Seçimlerden sonra Türkiye-Irak ilişkileri hangi yöne evrilebilir? Ortak bir Kandil operasyonu mümkün mü?

Kürdistan bölgesi artık Türkiye’nin ekonomik çıkarları için o kadar karlı bir alan olarak görünmüyor. Türkler için Irak petrolü daha karlı, yine Bağdat ve Irak’ın diğer bölgelerine Türk ihracatı artıyor. Dolayısıyla Ankara’nın Bağdat’la daha fazla yakınlaşmaya çalışacağını düşünüyorum. Ancak Irak-İran ilişkileri nedeniyle Türkiye yeni Irak hükümetinde o kadar da belirleyici olmayacaktır.

Dolayısıyla, İran Kandil’e bir Türk müdahalesini asla destekleyemeyecektir. Bu asla olmayacak. Çünkü Kandil’e bir Türk saldırısı ABD’nin yanı sıra İran’ın da onayı olmaksızın gerçekleşemez. Seçimden önce Irak seçimle çok meşguldü ve Irak Başbakanı Haydar Ebadi kendisi için bir sorun ortaya çıkmasını istemiyordu. Ama şimdi işler değişti. Türkiye Irak siyasetine daha önce yapabildiği şekilde müdahale edemeyecektir ama elbette Irak mezhepçi ve etnik değil ulusal bir gündemi olan başarılı bir hükümet kurabilirse.

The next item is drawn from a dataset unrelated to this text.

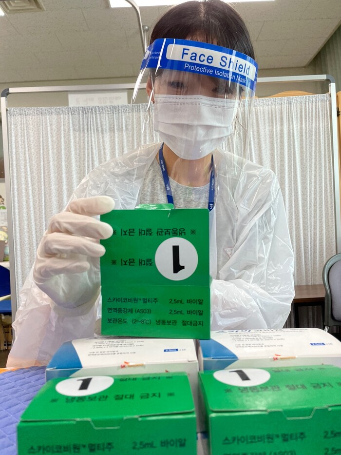 ▲ 처인구보건소 관계자가 국산 코로나 백신인 스카이코비원 백신을 확인하고 있는 모습. 용인시 제공 |
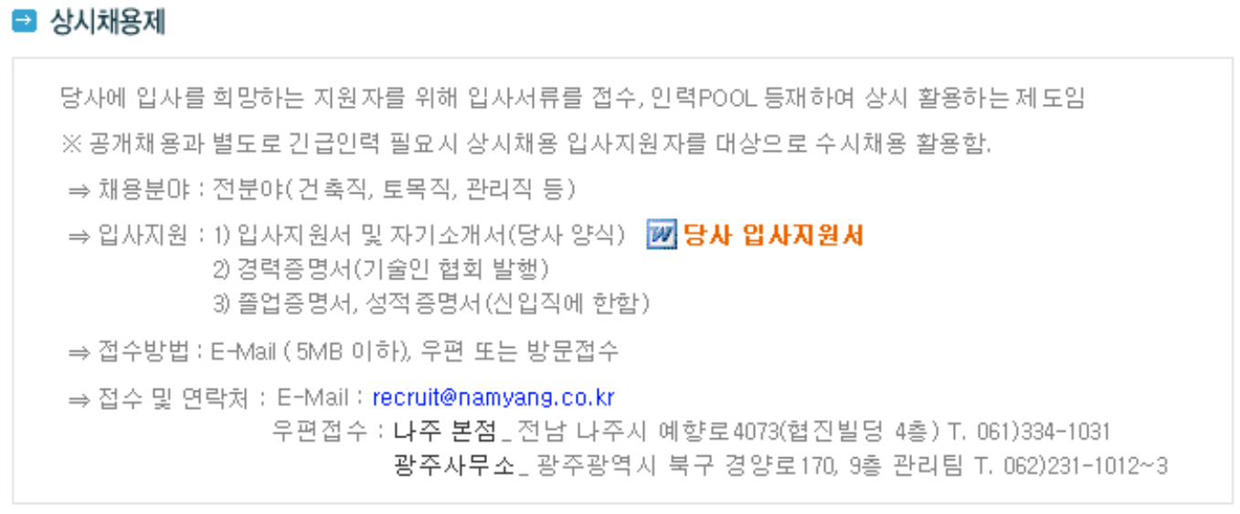 서류전형, 면접전형, 신체검사, 최종합격 순

KDP Türkleri Kürdistan’da tutmak istiyor

Türk devletinin Bradost işgalinin temel hedefinin Kandil ile Rojava ve Kuzey Kürdistan arasındaki bağlantıyı kesmek olduğunu düşünüyorum. Bunda bir ölçüde başarılı olmuş da olabilirler, özellikle de Bradost işgal ettikten sonra… Ama bu kısa süreli olacaktır, çünkü Irak kabul etmeyecektir. Ayrıca PKK çok güçlü bir biçimde cevap verir. KDP için Türkiye ile iyi ilişkilerde olmak ve bunu korumak hep önemli olmuştur. Bu ilişkiler daima hem Güney Kürdistan’da hem de Rojava veya Bakur’da Kürt halkının aleyhine olmuştur. Bu tür ilişkilerin gelecekte devam edeceğini veya başarılı olacağını sanmıyorum. Her ne kadar KDP, Türkleri Kürdistan’da tutmak istese de bunun uzun süreceğini düşünmüyorum. Dolayısıyla seçim sonrası seçim öncesinden çok farklı olacak. Seçim öncesi Irak DAİŞ’le meşguldü, referandum yüzünden Bağdat ile Hewler arasındaki sorunlarla meşguldü, mezhep çatışmasını sona erdirmeye çalışıyordu, ülke içinde yerinden edilmiş insanları geri yerleştirmekle uğraşıyordu. Ama seçim sonrası güçlü bir Irak hükümeti Türkiye’nin Irak siyasetine müdahalesine son verecektir.